Puisne Justice of the Supreme Court of Ceylon
- In office 1966–1970

Personal details
- Born: 14 March 1908
- Died: 5 December 1985 (aged 77)
- Alma mater: Jaffna Hindu College Ananda College
- Profession: Lawyer
- Ethnicity: Ceylon Tamil

= V. Sivasubramaniam =

Veeravagu Sivasubramaniam (also spelt Sivasupramaniam; 14 March 1908 – 5 December 1985) was a leading Ceylon Tamil lawyer and judge. He was a magistrate, District Judge, Additional Permanent Secretary, Acting Permanent Secretary of the Ministry of Justice and judge of the Supreme Court of Ceylon.

== Early life and family ==
Sivasubramaniam was born on 14 March 1908. He was the son of K. S. Veeravagu, a notary public from Vannarpannai in northern British Ceylon. He had four brothers and two sisters. Sivasubramaniam's brother Dr. Nadarajah was the Chief Medical Officer for Colombo. Sivasubramaniam was educated at Jaffna Hindu College and Ananda College. He was awarded a BA degree from the University of London. He later qualified as an advocate.

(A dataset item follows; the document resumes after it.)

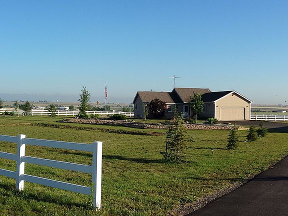 3 fenced acres. Fantastic view of rocky mountains. Separate 4 car garage with shop. New landscaping, garden, beautiful composite deck, paved drive. Shop is a finished video and webcasting / recording studio with heat and ac. Home is a ranch style with a full basement. Large Master is on main floor with full bathroom. His and hers sinks, shower, walk in closet. 2nd bedroom on main floor with full bathroom. Beautiful kitchen custom tile floors, very open. All stainless appliances. Gas fireplace in main living room area. Open design. Laundry room and mud room with oversized 2 car attached garage with steel shelving that stays with the house. air and heating. System has UV filters, and heppa filters for super clean air. Water is from well, house system has all the bells and whistles. Filters, UV water filter, and a RO system. Basement is finished. 2 bedrooms with a full bath and large living area. A professional pool table in the game room stays with the house. Ping Pong table top, darts, a hidden area under the stains for games etc. Workout room with extra storage shelves. Very large septic system. Fenced garden and a large chicken coop that has never been used are all ready to go. There is a outdoor fire pit for evening bonfires. This property is zoned agricultural so the taxes are low! There is even a 25 yard gun range on the property. If you have horses or just want a small hobby farm this is the place. We will even leave new Husqvarna riding mower, snow plow blade and pull behind aerator. I am using a flat fee realtor, and have a cap of 2% commission to buyers agent. Freshly painted outside and inside. No sales calls of any kind.
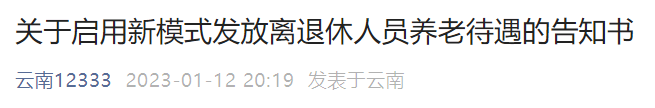 1月12日,“云南12333”微公号发布《关于启用新模式发放离退休人员养老待遇的告知书》。

Sivasubramaniam married Manonmani, daughter of Dr. Thiyagarajah of Colombo. They had three sons - Dr. Thiagarajah, Yogeswaran and Sivakumar.

== Career ==
Sivasubramaniam was called to the bar on 8 March 1933. He then practised law in Jaffna. He joined the judicial service on 27 February 1941 and served as a magistrate in Matara. He was appointed Commissioner of Assize in 1962. He also served as District Judge, Additional Permanent Secretary, Acting Permanent Secretary of the Ministry of Justice. He was appointed to the Supreme Court in 1966 and retired in 1970.

Sivasubramaniam served as a member of the Law Commission, the Board of Trustees of the Bandaranaike Centre for International Studies, the Board of Management of the Dr. N. M. Perera Memorial Trust, the executive committee of the Alumni Association of Jaffna Hindu College, All Ceylon Hindu Congress, Arumuga Navalar Sabai, president of the Colombo Hindu Education Board and chairman of the Hindu Advisory Council.

Sivasubramaniam died on 5 December 1985 at the age of 77.